Para o governo federal, as endemias que assolavam as populações na Amazônia, em especial a malária, eram o principal obstáculo ao desenvolvimento da economia da borracha. O enfrentamento dessas condições sanitárias seria capaz de fazer frente à concorrência asiática no Ceilão e na Malásia, iniciada após o contrabando de sementes de Hevea brasiliensis realizado, com sucesso, em 1876, sob a liderança do botânico Henry Wickham com patrocínio da Grã-Bretanha. Por essa razão, o Instituto Oswaldo Cruz foi designado para coordenar a comissão, que gerou o Relatório sobre as condições médico-sanitárias do vale do Amazonas, cuja versão final foi assinada por Oswaldo Cruz.

Iniciada em outubro de 1912, a missão científica levou os sanitaristas a percorrerem a geografia fluvial a bordo de um pequeno vapor, equipado com instrumentos e material necessários a seus estudos. Os sanitaristas enviados pelo governo atracavam nos seringais e povoados recolhendo amostras para exames, realizados no precário laboratório a bordo da embarcação. No trajeto, observavam casos clínicos de doenças comuns e até então completamente desconhecidas, anotavam práticas medicinais e modos de habitar das populações daquelas regiões, coletavam insetos suspeitos de transmitir doenças, recolhiam plantas de valor medicinal, entre outras ações de investigação científica. O objetivo era propor medidas de saneamento.
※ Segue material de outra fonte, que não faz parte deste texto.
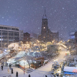12月4日,在韩国首尔,人们在雪中出行。新华社发(朴晋泽摄)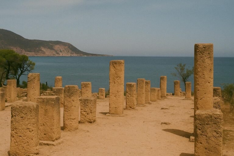 Nichée sur une presqu’île verdoyante caressée par les flots azurés de la Méditerranée, Tipasa se révèle comme un tableau vivant où l’histoire épouse le paysage. Ce site exceptionnel, classé au patrimoine mondial de l’UNESCO, dévoile un panorama unique où vestiges romains, mausolées paléochrétiens et horizon maritime se fondent en une harmonie saisissante.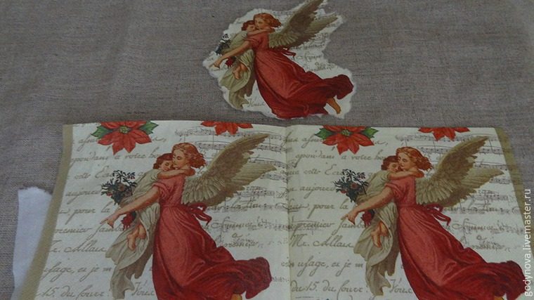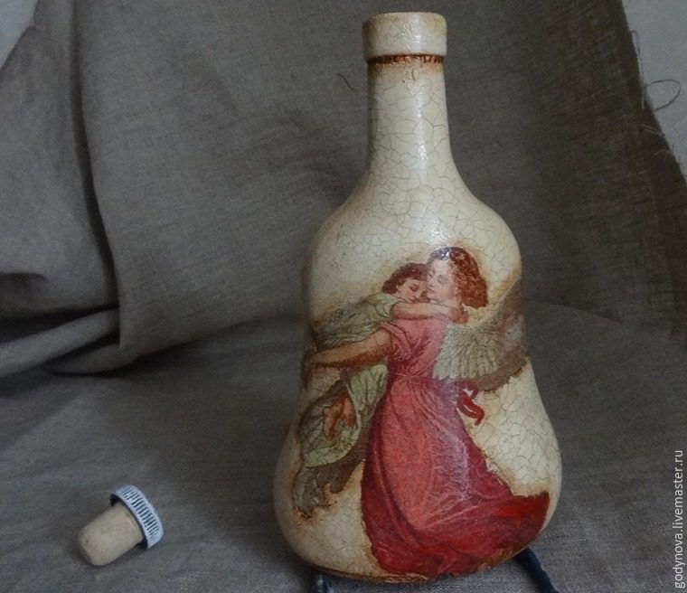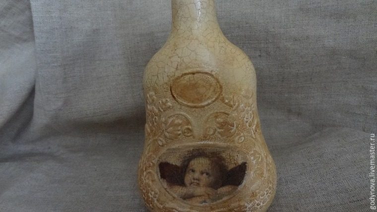 И снова сушим. А теперь начинается самое интересное — ищем салфетку. Так как бутылочка делается для святой водички, то ангелочки будут в самый раз.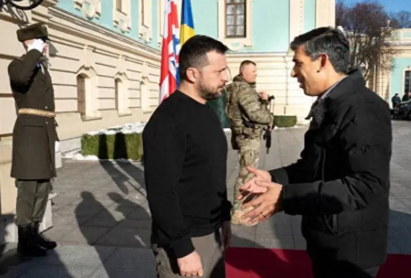 而更早之前的1月12日,英国首相苏纳克曾抵达乌克兰首都基辅开始访问,并与乌总统泽连斯基举行会谈。会见期间,双方领导人签署了乌克兰与英国的安全协议。苏纳克在基辅表示,英国将在下一财年向乌克兰提供25亿英镑的军事援助,该军事援助中,至少有2亿英镑将用于采购和生产数千架军用无人机,包括监视、远程打击和海上无人机。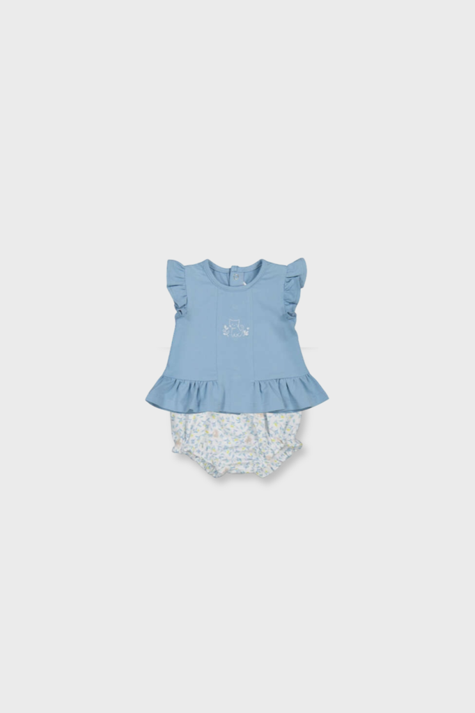 ¡Divino y fresco conjunto de blusa con su shorts cortos a juego! Blusa sin mangas con olan, cuello redondo, detalle de diseño bordado en el frente, cierre de botones a presion por atras y sus shorts cortos tipo calzoncito con elastico en cintura y piernas para efecto bombacho.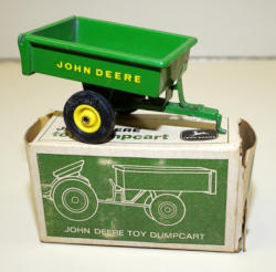 1/2-yellow seat tractor and near mint original; Trailer is about 95% with some play wear and a little darker green; boxes both have torn flaps and wear, boxes rate 7 condition; sells as a set for one money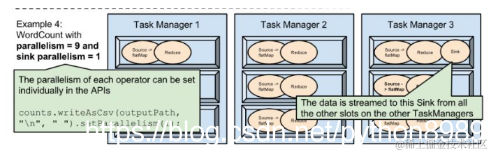 当然也可以把某个operator的并行度另外设置,比如把sink的并行度设置为1,那多task分配就会如下图: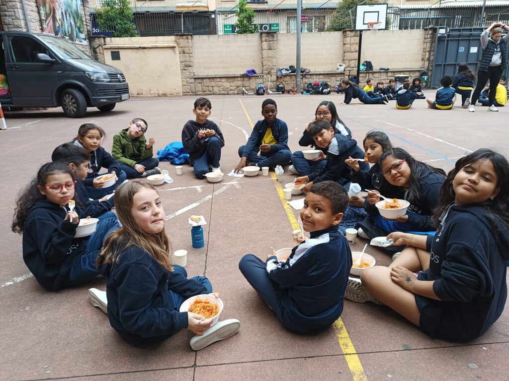 El clima acompañó, la receta estaba insuperable y nuestros peques de infantil y primaria no pudieron portarse mejor en esta comida en el patio del colegio. Tendremos que repetir.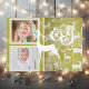 Beaux cartes photos de vacances d'inspiration vintage avec rennes blancs sur un arrière - plan vert moutarde avec des flocons de neige muets, texte qui lit Joy, et les zones que vous pouvez facilement customiser avec deux photos, vos noms, et l'année en cours. Photographie © Storytree Studios, Stanford, CA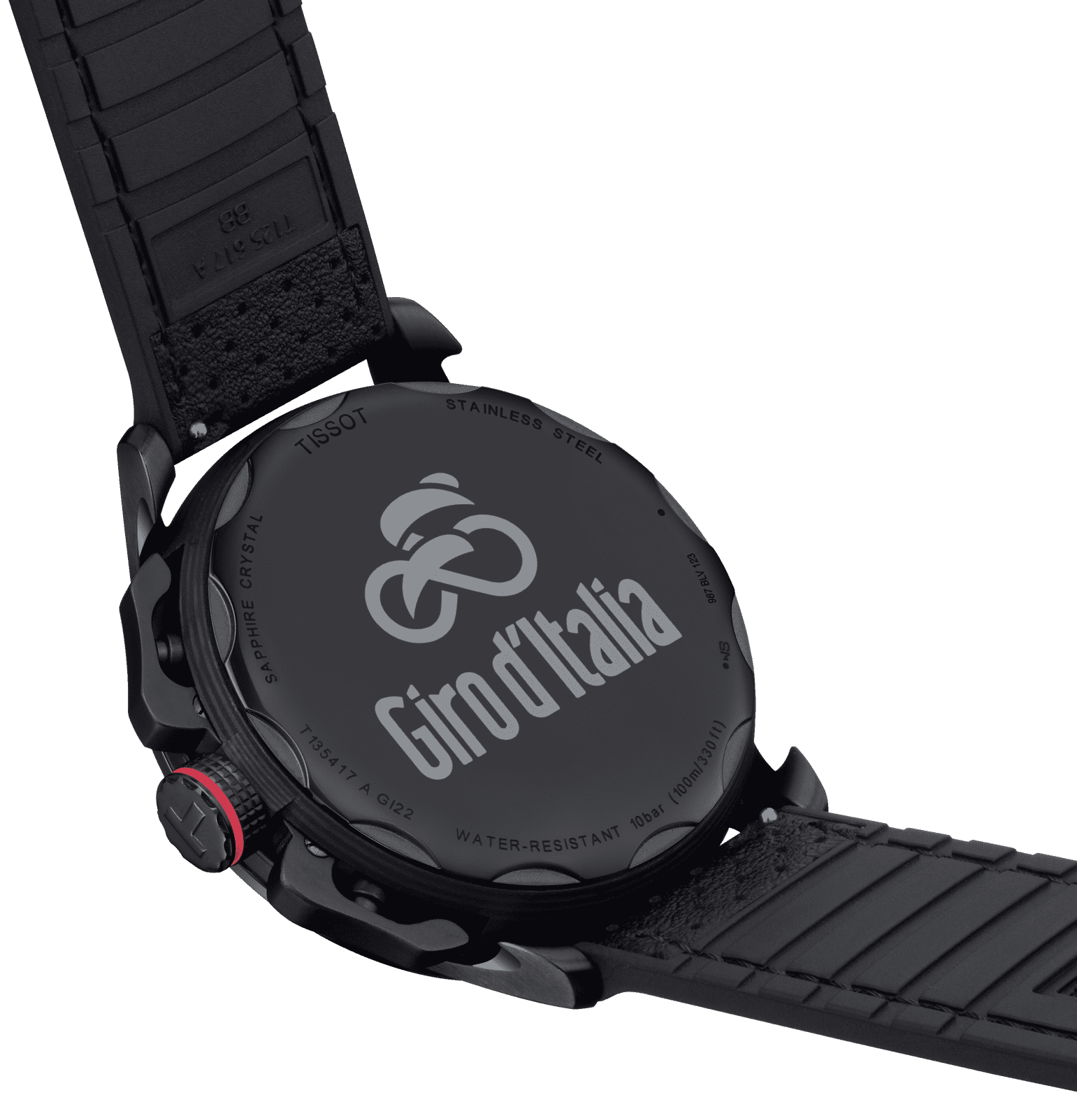 Tissot Watch T-Cycling Giro D'Italia Edition T1354173705101. A historic start in Budapest, brutal ascents through the Alps, and a ferocious fight to finish with with the maglia rosa in Verona, this years Giro will inspire people around the world. And the Tissot T-Race Cycling 2022 Giro d'Italia Special Edition is the perfect watch for them, bringing together Swiss precision and reliability with a classic design inspired by racing bikes. With the race logo engraved on the caseback and iconic pink trim on the second hands and crowns, wearing this watch will bring you closer to the glory in Italy.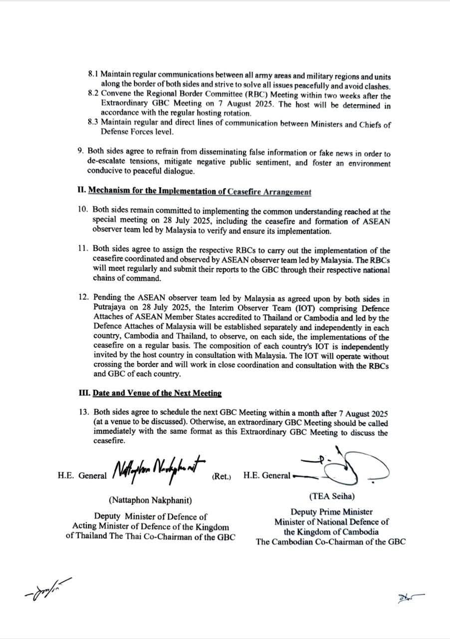 ភាគីទាំងពីរកម្ពុជា-ថៃបានពិភាក្សានិងឯកភាពគ្នាលើលក្ខខណ្ឌនៃការអនុវត្តបទឈប់បាញ់និងការបង្កើនការប្រាស្រ័យទាក់ទងគ្នារវាងកងទ័ពទាំងពីរ។ ភាគីទាំងពីរក៏បានយល់ព្រមជំរុញការរៀបចំលក្ខខណ្ឌប្រតិបត្តិនៃយន្តការតាមដានត្រួតពិនិត្យការអនុវត្តបទឈប់បាញ់របស់ក្រុមអ្នកសង្កេតការណ៍អាស៊ាន (ASEAN Observer Team) និងឯកភាពឱ្យមានក្រុមអ្នកសង្កេតការណ៍បណ្តោះអាសន្ន (Interim Observer Team) ដឹកនាំដោយអនុព័ន្ធយោធាម៉ាឡេស៊ីដើម្បីសង្កេតការណ៍ភ្លាមៗនិងបន្តរៀបចំក្រុមអ្នកសង្កេតការណ៍អាស៊ាន (ASEAN Observer Team)។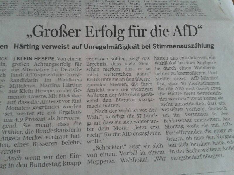 In einem Meppener Wahllokal wurden 16 Zweitstimmen für die AfD nicht berücksichtigt. Freiwillige Wahlbeobachter hatten stichprobenartig in diesem Wahllokal nachkontrolliert.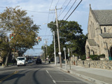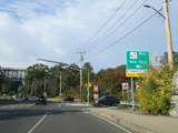 Charles Lindbergh Boulevard, which leads to the Nassau Coliseum, Nassau Community College, and Museum Row, begins on the left here.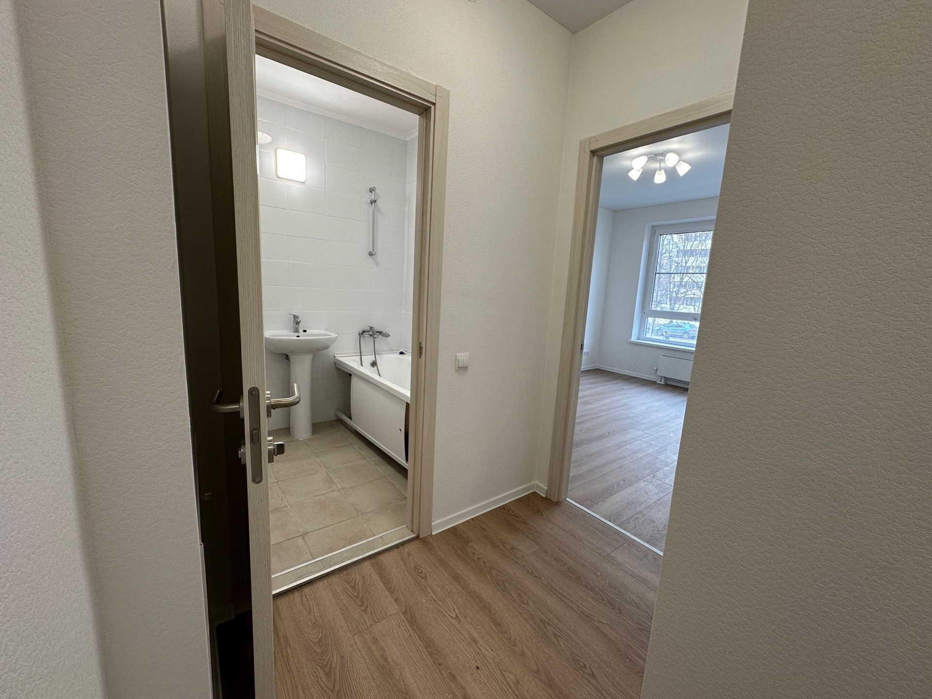 2х-комнатная квартира с лоджией и 2 санузлами. 3 совершеннолетних собственника. Никто не прописан и в квартиру не въезжал. Дом сдан в конце 2023 года, ещё в процессе заселения.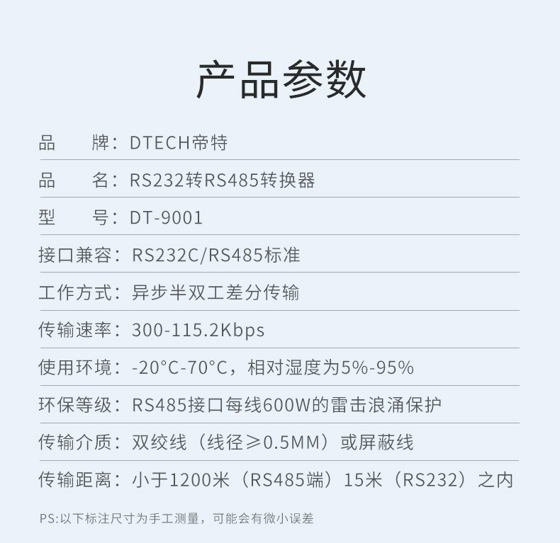 帝特 RS232转RS485转换器 DT-9001 300-115.2Kbps 1个
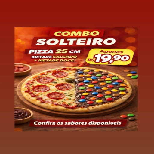 Pizza de 25 cm, preparada com metade salgada e met... Ver completo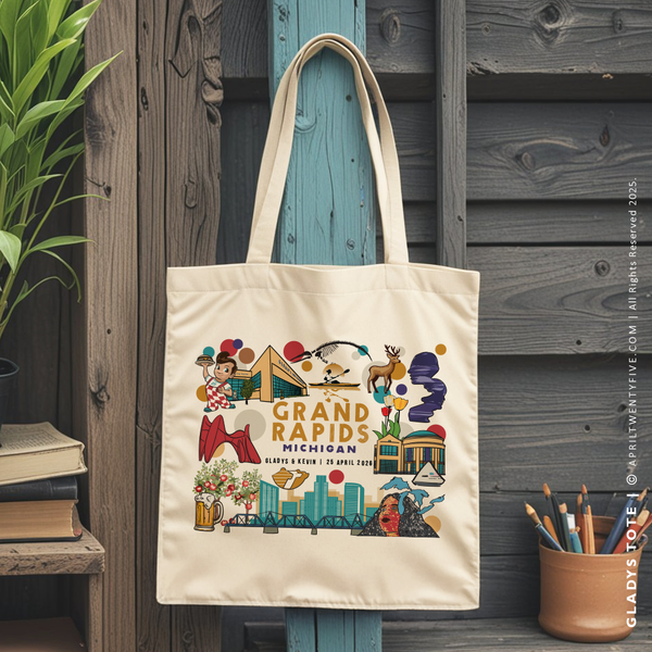 Celebrate Grand Rapids with this beautifully designed beige tote bag! Featuring a colorful illustration of iconic symbols—from city landmarks to wildlife—this tote is perfect for carrying essentials in style. Whether you're a local, a visitor, or celebrating a special occasion like Gladys & Kevin did on April 25, 2020, this bag makes for a wonderful keepsake.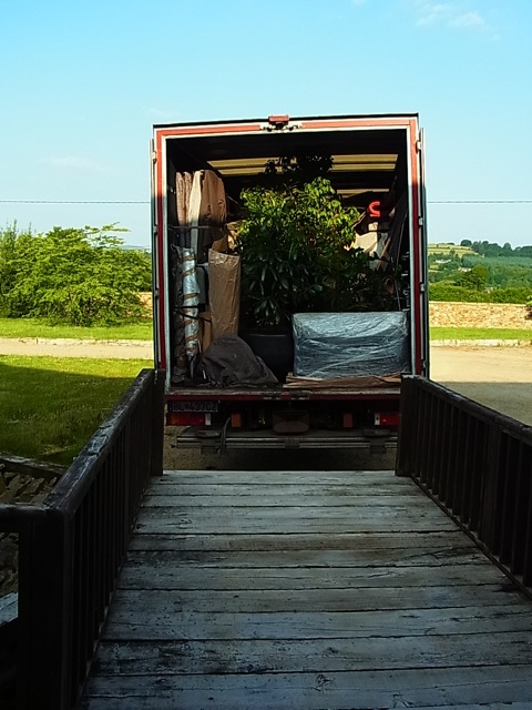 Ça y est, tous nos cartons, meubles et plantes sont arrivés hier et aujourd’hui dimanche nous sommes venus manger dans notre pub du village. En fait les gars ont appelé hier matin un peu avant 8h, Bernie est allés les chercher… et on a tout de suite commencé à décharger, il fallait leur dire dans quelle pièce mettre quoi … J’avais envie de dire ‘Mais je ne sais pas, moi!!!’ (On essaie, noooon ça marche pas, sorry guys, on change…) c’était un peu compliqué, mais les deux garçons étaient vraiment très gentils, assez pros, ils ont transporté ces grosses plantes à deux – incroyable! … et voilà!! On est surtout très contents de savoir qu’on peut maintenant relaxer un peu et ranger petit à petit. Pour le moment, c’était comme si on campait dans la montagne de cartons. Nous avons tout à découvrir, la connection internet à installer… Le plan de cet après-midi? SIESTE!!!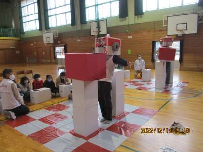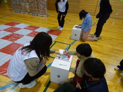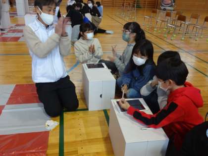子供たちは3班に分かれて、タブレットを用いてロボットを動かすためのプログラミングを作り、試すことができました。実際に指示したとおりにロボットを動かせると、歓声が沸き起こりました。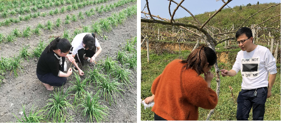 任军老师和当地工作人员对韭黄、猕猴桃病害进行断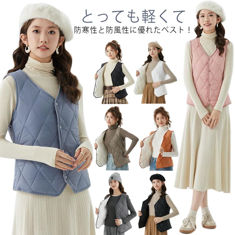 軽量 ダウンベスト レディース インナー アウター Vネック ダウン ベスト インナーダウン ライトダウン ウルトラライト 暖かい 防寒 防風 無地 細身 ダウン風 中綿 ジ エコダウンベスト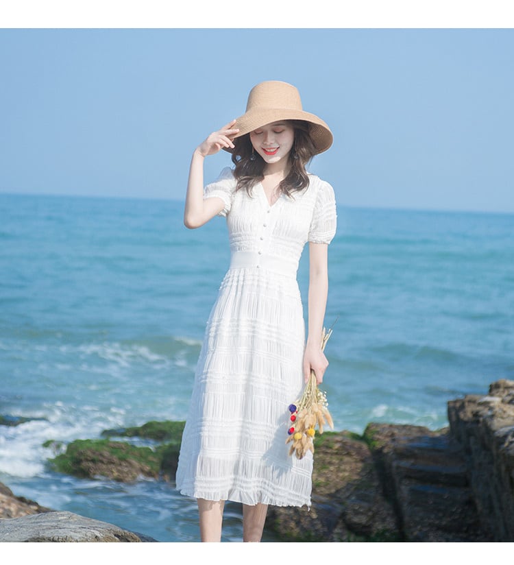 Vネック ミモレ丈 ティアード ワンピース ティアードワンピース 膝下 ミモレ 袖あり 半袖 5分袖 五分袖 パフスリーブ 深Vネック セミフレア Aライン フリル ウエストマーク シャリシャリ かわいい 大人可愛い きれいめ シンプル カジュアル 大人 上品 おしゃれ 大人女子 こなれ感 ラブリー キュート ガーリー エレガント 無地 夏 10代 20代 30代 40代 デート お出かけ 休日 リゾート 旅行 海 高原 普段使い オルチャン ファッション コーデ 楽ちん 体系カバー XS S M L | Come to Store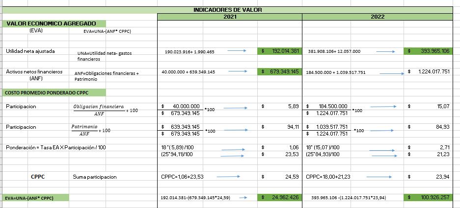 • Valor Económico Agregado: para el año 2021 el valor del EVA es de 24.962.426 respecto al año 2022 que fue de 100.926.257 como vemos fue un gran aumento para empresa Voktriss Sport.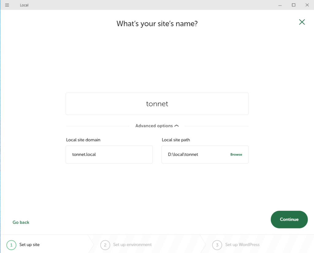 Create a new site が選択(図のように枠が付く)されているのを確認して(クリックで選択できる)、(Continue)*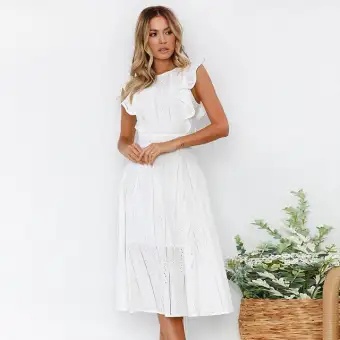 Dress Women Ruffle Elegant Sundress Sexy Lace Boho Beach Party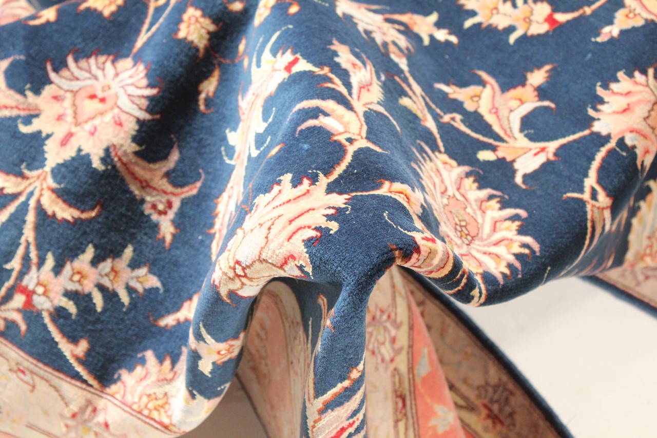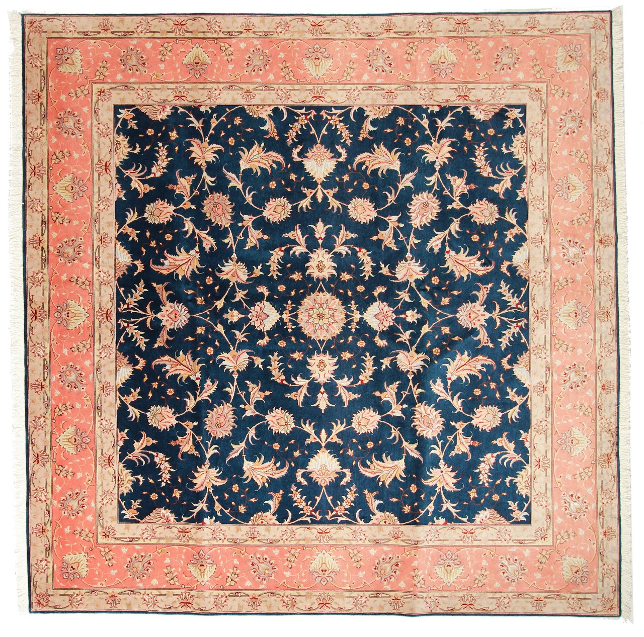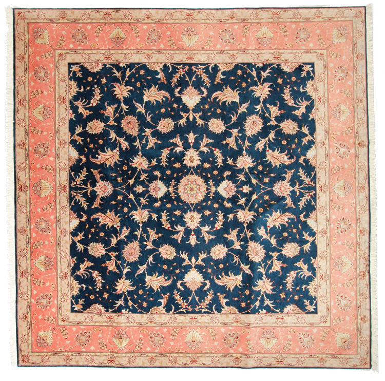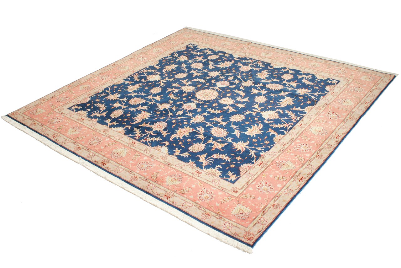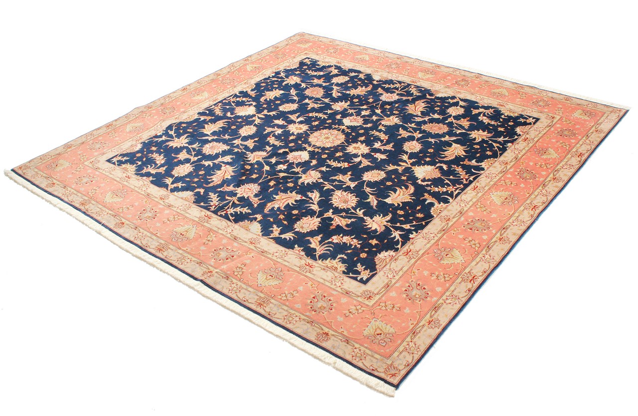 Teppenummer: 69030026593 Størrelse: 200x202 cm Tykkelse: ca. 7 mm Knuter: 450 000 - 500 000 / m² Bearbeiding: Knyttet for hånd Søm: Ull med silke Kjede: Bomull Opprinnelse: Persia / Iran Alder: Nytt Vekt: ca. 12 kg Også kjent som Tabriz, Tabris, Täbris, Tebriz, Tebris, 40Raj, 50Raj Antall på lager: Unikt - Kun 1 stk i lager

A missão partia sempre de Manaus, então um centro urbano pujante e moderno, enriquecido com a extração e comércio da borracha, exportada em grande escala para fábricas da Europa. A descoberta de processos de impermeabilização e vulcanização (1844) para a transformação industrial da matéria-prima dos seringais numa grande variedade de produtos, e a invenção do pneumático (1890), elevaram a cotação da borracha brasileira no mercado internacional.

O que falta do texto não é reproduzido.